Nov 22 '22 23:11 shimizukko

The issue with rebuild getting stuck with busy might be fixed when the rebuild detection method is updated with https://github.com/daos-stack/daos/pull/10829

Nov 22 '22 23:11 shimizukko

Test stage Functional Hardware Medium completed with status FAILURE. https://build.hpdd.intel.com//job/daos-stack/job/daos/view/change-requests/job/PR-8874/39/execution/node/670/log

Nov 23 '22 04:11 daosbuild1

Test still fails while waiting for rebuild: https://build.hpdd.intel.com/blue/organizations/jenkins/daos-stack%2Fdaos/detail/PR-8874/39/tests

I'm not sure if #10829 will help, since dmg pool query returns busy, and #10829 is more about interpreting version+state correctly. So it seems rebuild is actually taking a long time.
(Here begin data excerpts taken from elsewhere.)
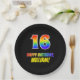This cheerful, fun, and colourful birthday paper plate design features a large number "16" and the message "HAPPY BIRTHDAY,", both coloured with a rainbow spectrum gradient inspired pattern, along with a bold yellow custom name. It has a black coloured background. Birthday themed paper plates like this might be fun to use at a celebration being held to honour somebody who is celebrating their sixteenth birthday. [~Z0000488]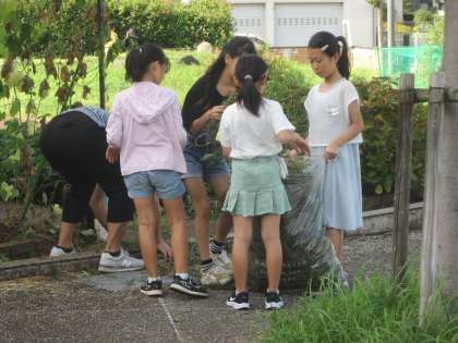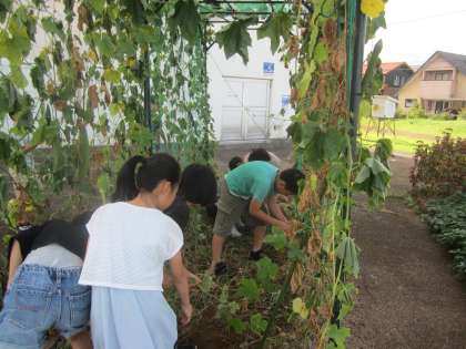4年生の子供たちが、ヘチマの手入れをしていました。気持ちのよい働きぶりでした。
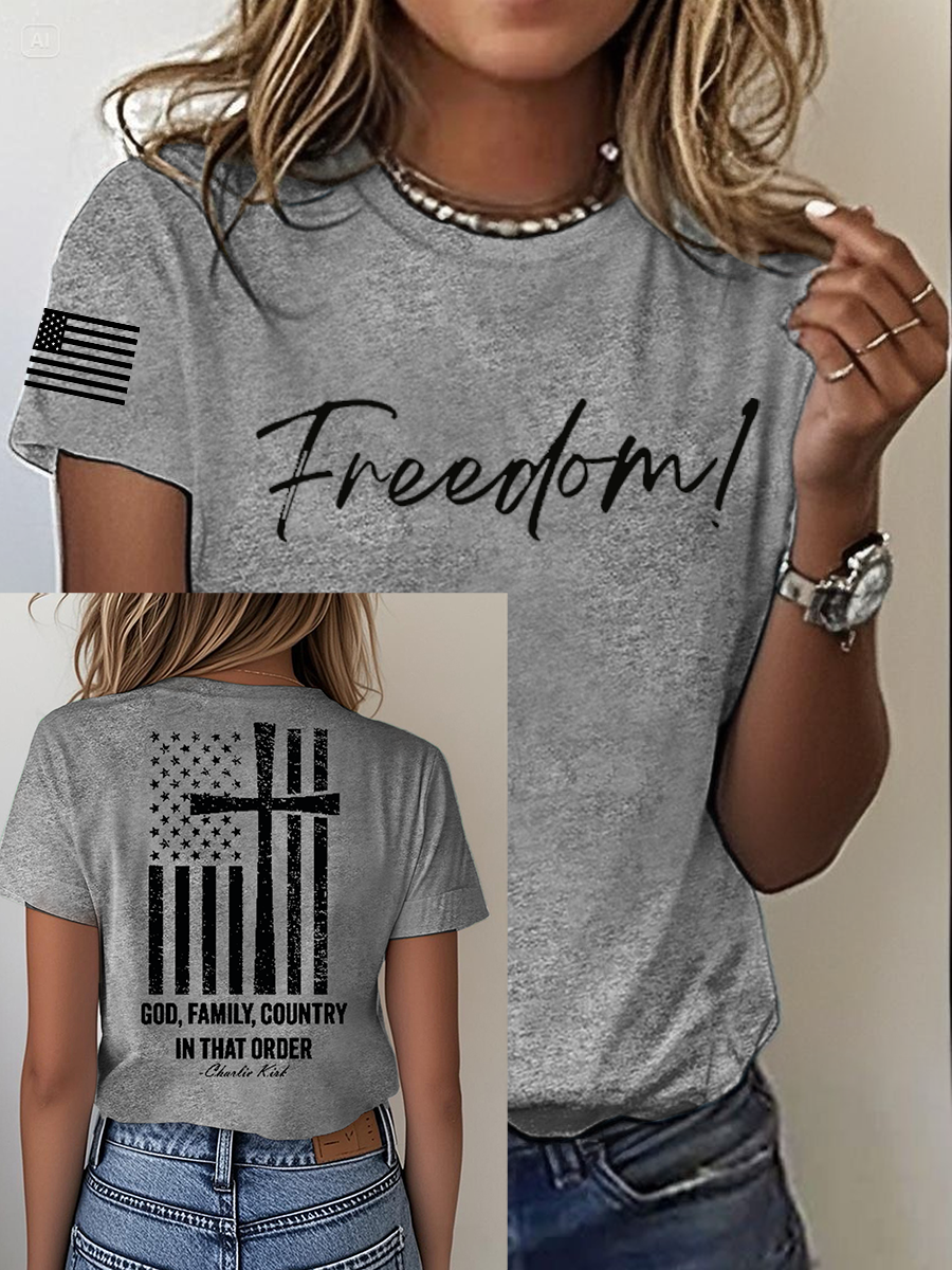 Women's Charlie Kirk Freedom Print Iron On Short Sleeve T-Shirt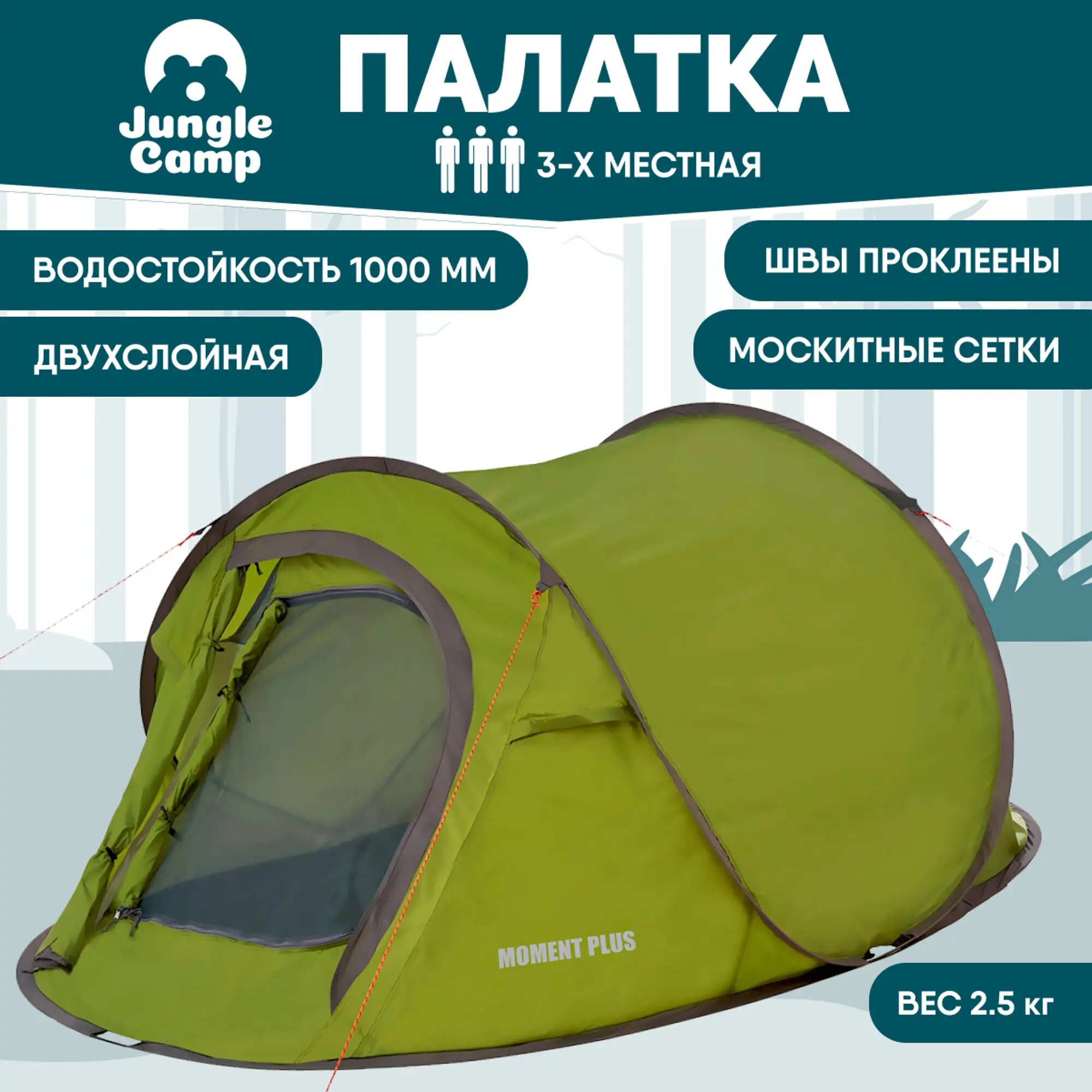 Палатка двухместная JUNGLE CAMP Moment Plus 3, цвет: зеленый

I'll try with an increased timeout

Nov 23 '22 22:11 daltonbohning

Interestingly, test_server_rank_failure_with_rp passed 6 times, but test_server_rank_failure_with_ec failed

Nov 23 '22 22:11 daltonbohning

Test stage Functional Hardware Medium completed with status FAILURE. https://build.hpdd.intel.com//job/daos-stack/job/daos/view/change-requests/job/PR-8874/40/execution/node/670/log

Nov 24 '22 03:11 daosbuild1

The latest runs timed out with issues that I think #10829 will resolve: https://build.hpdd.intel.com/job/daos-stack/job/daos/job/PR-8874/40/testReport/

Nov 28 '22 18:11 daltonbohning

Test stage Functional Hardware Medium completed with status FAILURE. https://build.hpdd.intel.com//job/daos-stack/job/daos/view/change-requests/job/PR-8874/41/execution/node/678/log

Jan 06 '23 07:01 daosbuild1

Test stage Functional Hardware Medium completed with status FAILURE. https://build.hpdd.intel.com//job/daos-stack/job/daos/view/change-requests/job/PR-8874/42/execution/node/708/log

Jan 23 '23 04:01 daosbuild1

Test stage Functional Hardware Medium completed with status FAILURE. https://build.hpdd.intel.com//job/daos-stack/job/daos/view/change-requests/job/PR-8874/43/execution/node/708/log

Jan 24 '23 00:01 daosbuild1

Test hang for 30 min. at daos container get-prop. Both repeated runs show the same issue.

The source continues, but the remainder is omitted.